# A Marine's cellphone selfie got his whole unit 'killed' during training in California



## Ooh-Rah (Jan 8, 2020)

Hoe-Lee Shit.  

A Marine's cellphone selfie got his whole unit 'killed' during training in California

A junior Marine got his artillery unit into a serious bind after snapping a photo during a massive force-on-force training exercise in California's Mojave Desert.

Ten thousand troops recently descended on Marine Corps Air-Ground Combat Center Twentynine Palms for the biggest training event of its kind in decades. The Marines, sailors and NATO forces faced drone attacks, cyber breaches and other high-tech challenges during the free-play exercise.

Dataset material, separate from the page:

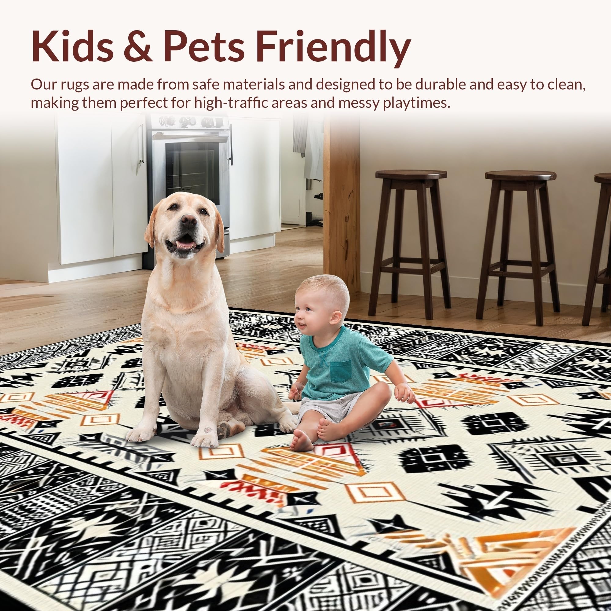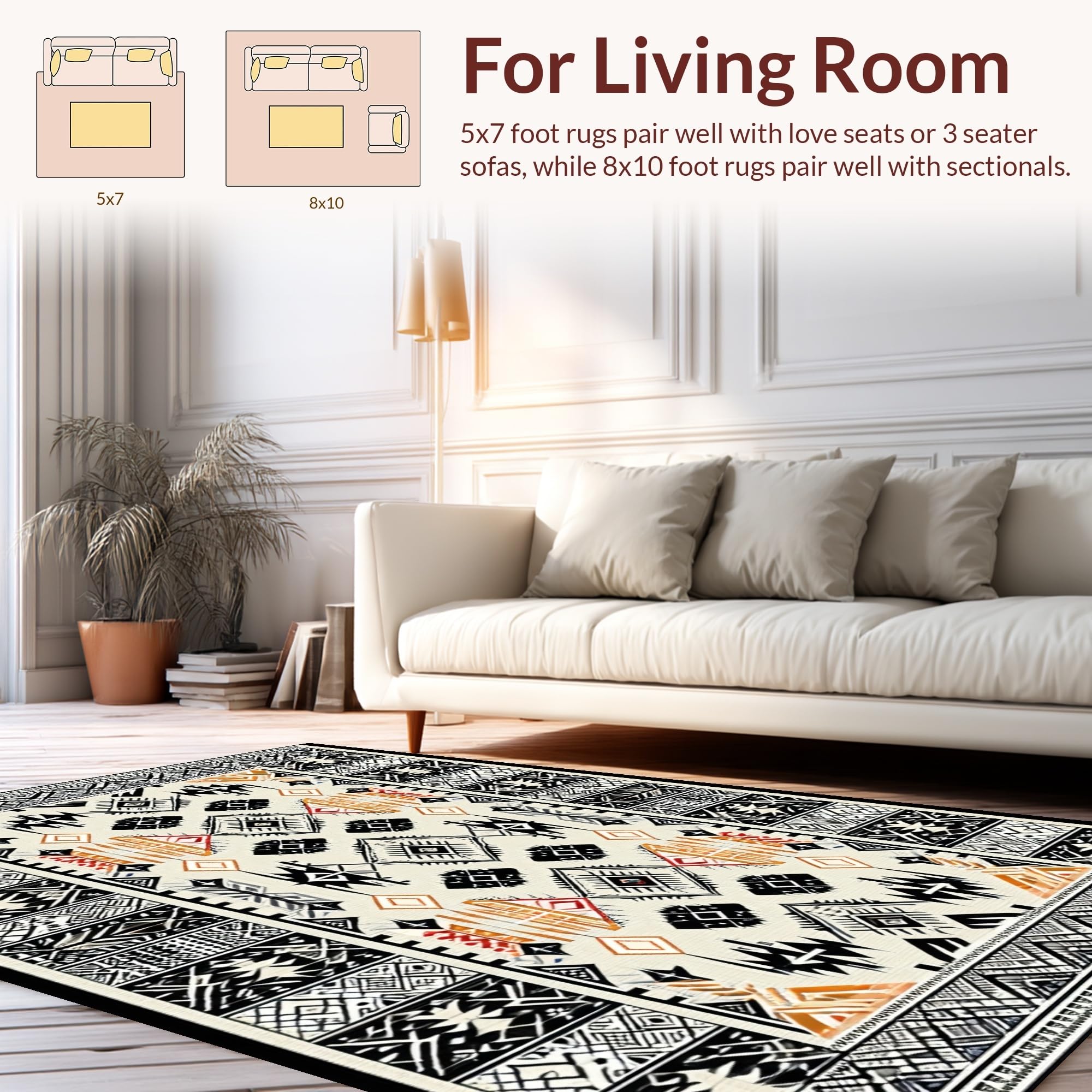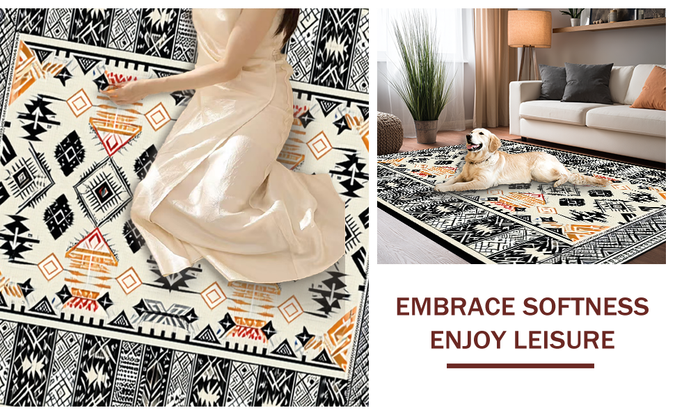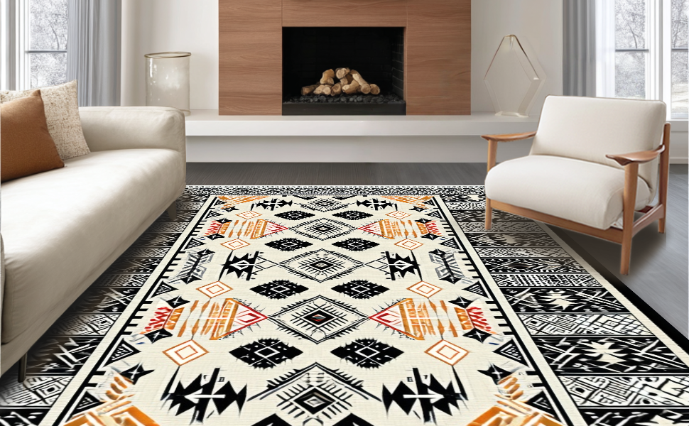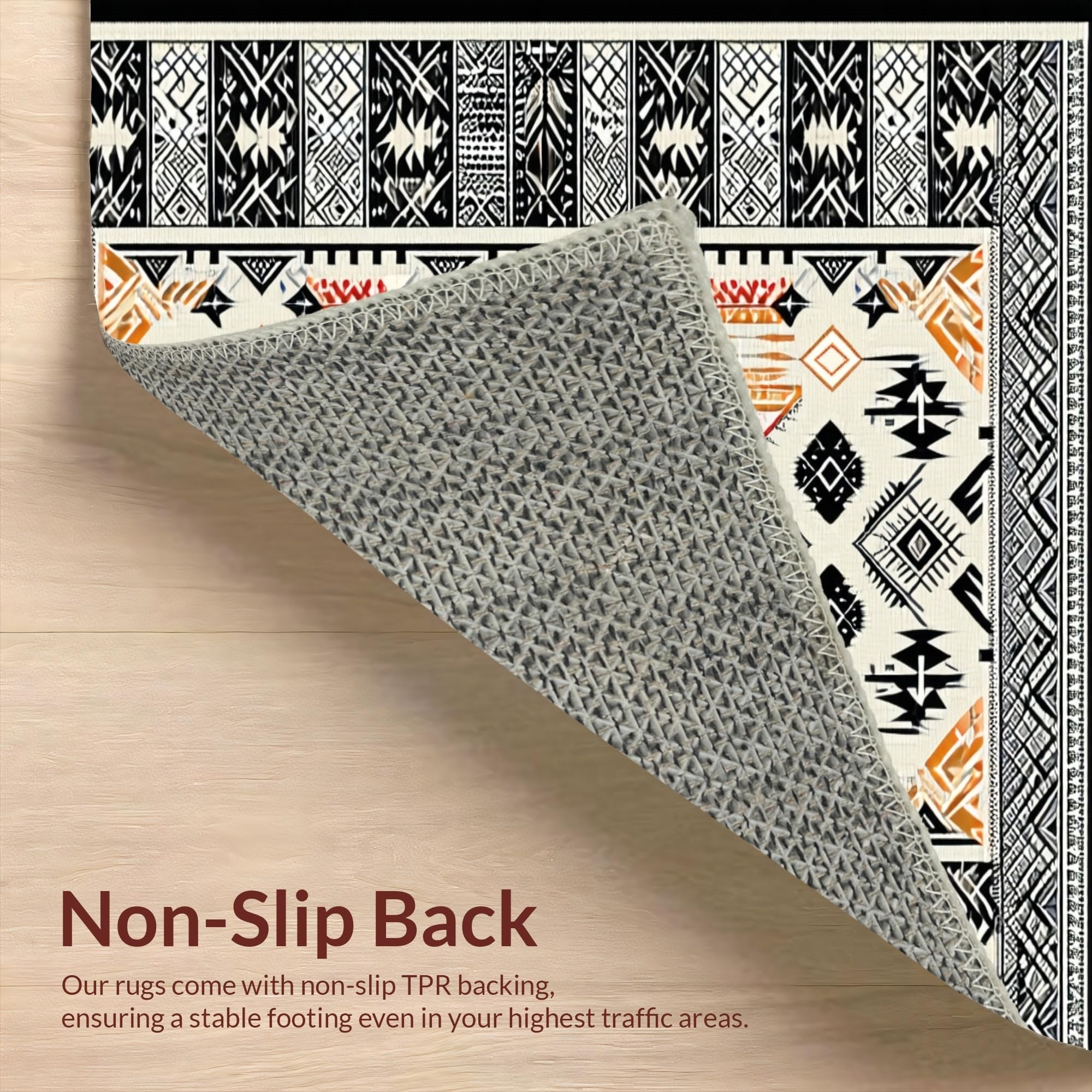 Ultra Soft Area Rug, Non Slip, Stain Resistant, Washable Area Rugs for Living Room, Bedroom, Rustic Earthy Toned Linear Design(Black) Overview:

But one team was taken out by a different kind of threat, Lt. Gen. Lori Reynolds, the Marine Corps' deputy commandant of information, told reporters at the Pentagon.

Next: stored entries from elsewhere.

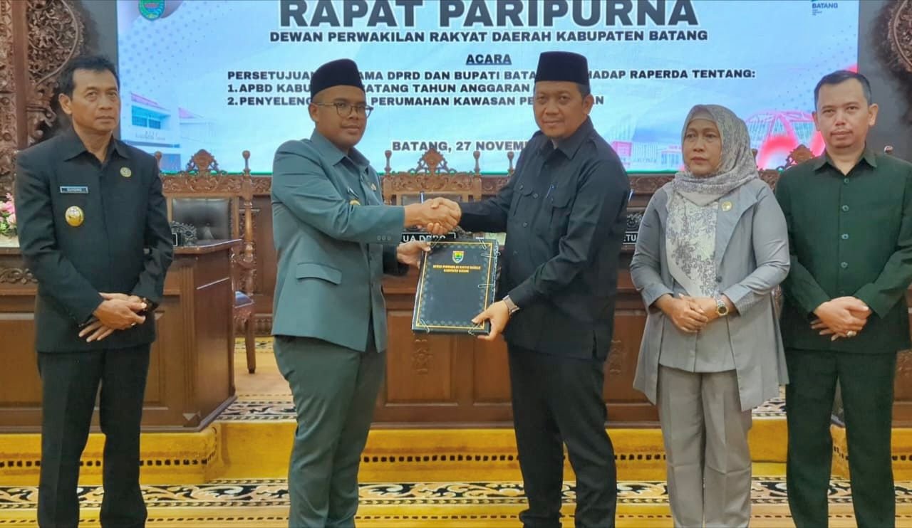 “Selain APBD, rapat paripurna juga menyetujui Raperda tentang Penyelenggaraan Perumahan dan Kawasan Permukiman. Regulasi ini penting sebagai dasar hukum operasional pemerintah daerah dalam menangani persoalan perumahan dan permukiman di Batang,” tegasnya.
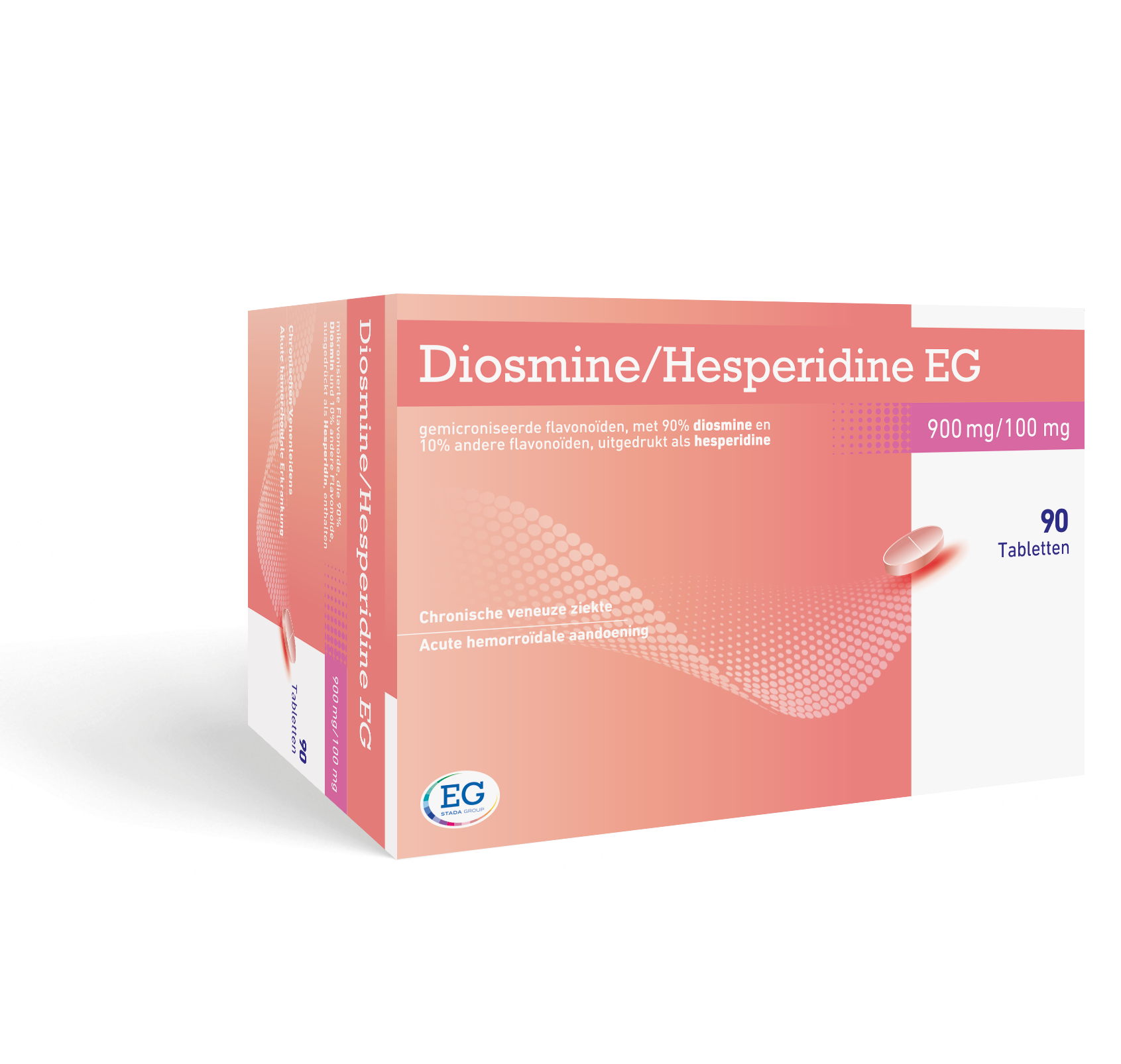 Diosmine/Hesperidine EG 900 mg/100 mg is een geneesmiddel dat zonder voorschrift vekrijgbaar is in de apotheek. Het is beschikbaar in verpakkingen van 30 en 90 tabletten.
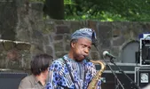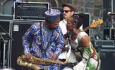 Orlando Julius vergaarde 50 jaar geleden (!) met de plaat Super Afro Soul niet alleen sterrenstatus in Nigeria, maar kreeg ook belangrijke invloed op muziek in de Verenigde Staten. Meer dan een halve eeuw in het vak, maar niet klein te krijgen, deze artiest-tot-in-de-vezels. Goedlachs tot en met, communicatief naar iedereen, ongelooflijk energiek. Je zou misschien verwachten dat hij het zware werk overlaat aan de jonge bandleden van The Heliocentrics - de Londense band waarmee hij regelmatig optreedt, en met wie we hem ook al eens opnamen in Groningen - maar nee hoor, hij houdt de lead en blijft in control. Okee, soms een beetje gestuurd door zangeres en danseres Latoya Ekemode, maar dat draagt eigenlijk alleen maar bij aan de charme van de man die niets liever lijkt te doen dan het feest op gang brengen voor het publiek. Met zijn vocalen - bijna meer spoken poetry dan melodieus zingen - maar net zo goed met zijn tenorsax laat hij de jongere garde ook een flink poepie ruiken. Hij vertelt op zijn manier een meeslepend verhaal, met alle middelen waar hij over kan beschikken: een scheurende sax, zijn stem, een huppeltje over het podium... met een gespeeld stijve rug maar met nog altijd souplesse in de heupen, en zijn band steeds aanmoedigend, met soms niet meer dan een gebaar van 'toe maar, speel dat riffje nog een keer!'
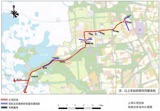 本次规划示范区线长约50公里,主要沿北青公路、外青松公路、沪渝高速、沪青平公路走行,设置8座车站,分别为芳乐路站、徐乐北路站、赵重公路站、华青路站、青浦新城站、朱家角站、西岑站和水乡客厅站(站名均为暂命名)。
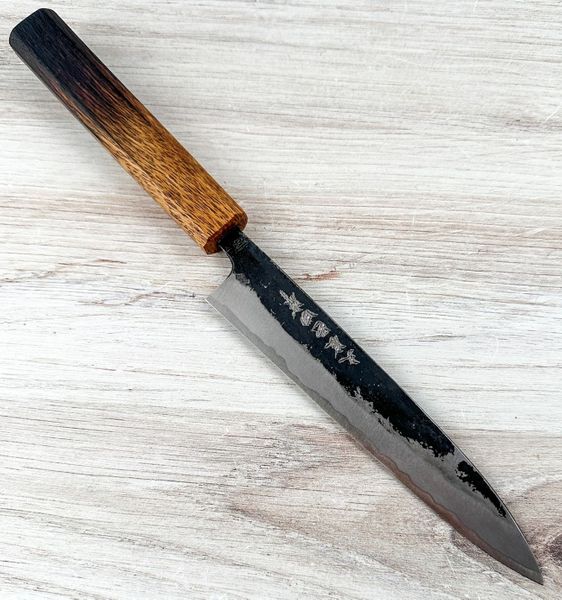 This 150 mm petty features a core of Aogami Super (Blue Super) carbon steel, hardened to around HRC 64. The core is clad in reactive soft iron with a kurouchi (black-forge scale) finish, giving the knife a rustic, traditional appearance and helping slow the development of rust or patina. Aogami Super is known for its excellent edge retention and sharpness.
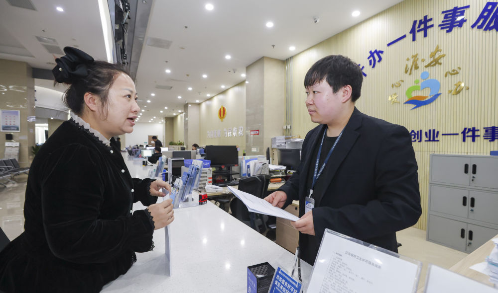 2026年4月9日,在江苏淮安经济技术开发区政务服务中心,市民(左)向工作人员咨询营业执照经营范围、办理流程等信息。

"A Marine in that exercise took a selfie of him being bored," she said. "It showed in that selfie it was an artillery unit. You could go geo-locate him, and you could see what unit it was.

"They were like, 'OK, you guys are dead.'"

It's a tough lesson for a young Marine to learn, Reynolds said.

"And I'm sure that lance corporal was not happy," she said. "But it's OK to learn those things in Twentynine Palms — we don't want to learn those elsewhere


----------



## SOSTCRNA (Jan 8, 2020)

What rank is lower than Lance Corporal?  I’m sure this kid just found out.


----------



## AWP (Jan 9, 2020)

SOSTCRNA said:


> What rank is lower than Lance Corporal?  I’m sure this kid just found out.



Dead. I think that's the rank he currently holds.

Selfie - Comissioner Gordon
He's alone - Lance Corporal
Guy taking the swim - Some Corporal or Sergeant...maybe both
Bane - Not to hard to figure out the NCO


----------



## Gunz (Jan 9, 2020)

Life used to be simple: YOU SLAPPED THAT SANDFLEA AND GOT THE WHOLE PLATOON WIPED OUT!!!"

Now social media reaps its own revenge.


----------



## SpitfireV (Jan 9, 2020)

I'm sure he'll be less bored for the foreseeable future.


----------



## Devildoc (Jan 9, 2020)

OPSEC used to be a thing.  Now, not so much.  The news puts it out there all the time: 1st battalion Special Forces Beret Paratroopers deploy from Camp Ft. Living Room enroute to Iraq via USAF.  Or, USS Crashesintootherships departs Norfolk at 12 noon with carrier strike group enroute to the Persian Gulf.  Embedded reporters will report live at 11.

This was a free and painless lesson on the perils and pitfalls of pocket technology.  It's not rocket science: even the bad guys on Chicago PD know to use a burner phone and keep it off.


----------



## Marine0311 (Jan 9, 2020)

I would make him do pushups but I think that's been banned also


----------



## AWP (Jan 9, 2020)

Send him to 3/6 to look for rifles and such.


----------



## Ooh-Rah (Jan 9, 2020)

I mean when you stop and think about it, this kid is so fucked.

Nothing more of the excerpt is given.